Aside from just getting warmed up, I also like the higher rep stuff to help with my endurance. I don't do cardio or HIIT (yet), so I need something to get the heart rate up.
That's fine, but I think heavy work on the deadlift gets the heart rate up enough without reps. I think a better way to get a metabolic effect and increase endurance would be increasing the intensiveness of your assistance work after the deadlift with things like supersets, not doing a bunch of reps of deadlifts. Your goal is to deadlift 5 plates, I assume that means you want to deadlift it once, not for reps. If you're getting good results, go with it, but increasing weights in the deadlift is really all about form and starting strength, and those trained with low reps (singles in particular). Don't mean to interject or anything, and I know I'm far from a deadlift expert, but that's just my .02. I'd suggest reading The Dead Zone by Dave Tate, especially this:

Quote:
Mistake #7: Training with multiple reps

Next time you see someone doing multiple reps on the deadlift, take note of the form of each rep. You'll see the later reps look nothing like the first. In competition you only have to pull once, so you need to learn how to develop what's known as starting strength for the deadlift.

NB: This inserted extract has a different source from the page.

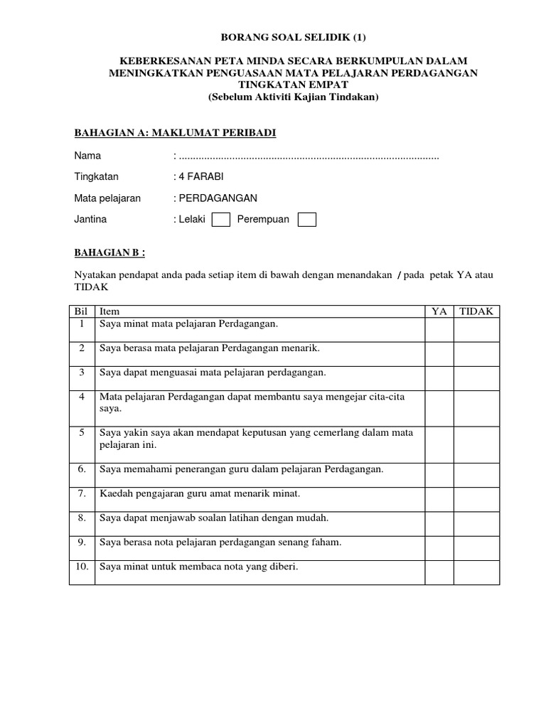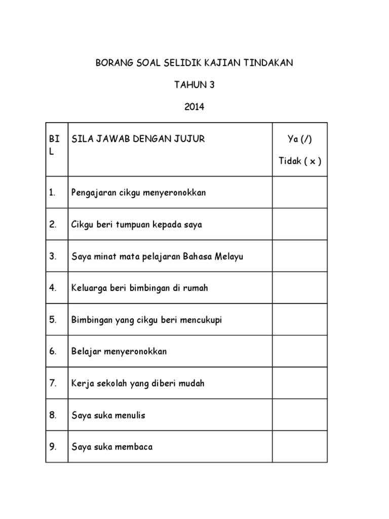 Soal Selidik Kajian Tindakan : Proses tindakan proses 1 merancang :. Pengumpulan data dalam kajian tindakan. Kajian tindakan berkaitan cara menyelesaikan sikap murid yang sukar menyiapkan kerja rumah. Sesuatu soal selidik dalam kajian tindakan boleh mempunyai 3 bahagian </b> </b> </b>. Proses 4 memerhati ( mengumpul bukti ) pengumpulan maklumat boleh dikumpul melalui pemerhatian, temubual, soal selidik, ujian dan latihan serta analisis dokumen. Soal selidik kajian impak sistem aduan integriti kementerian dalam negeri.

This is the strength needed to get the bar off the floor without an eccentric (negative) action before the start.

In other words, you don't lower the bar first and then lift the weight as you do with the squat and bench press. When you train with multiple reps you're beginning to develop reversal strength, which isn't needed with the deadlift.

These two reasons are enough to keep the deadlift training to singles. If you're using multiple reps with the deadlift, then stand up in between each rep and restart the lift. This way you'll be teaching the proper form and be developing the right kind of strength.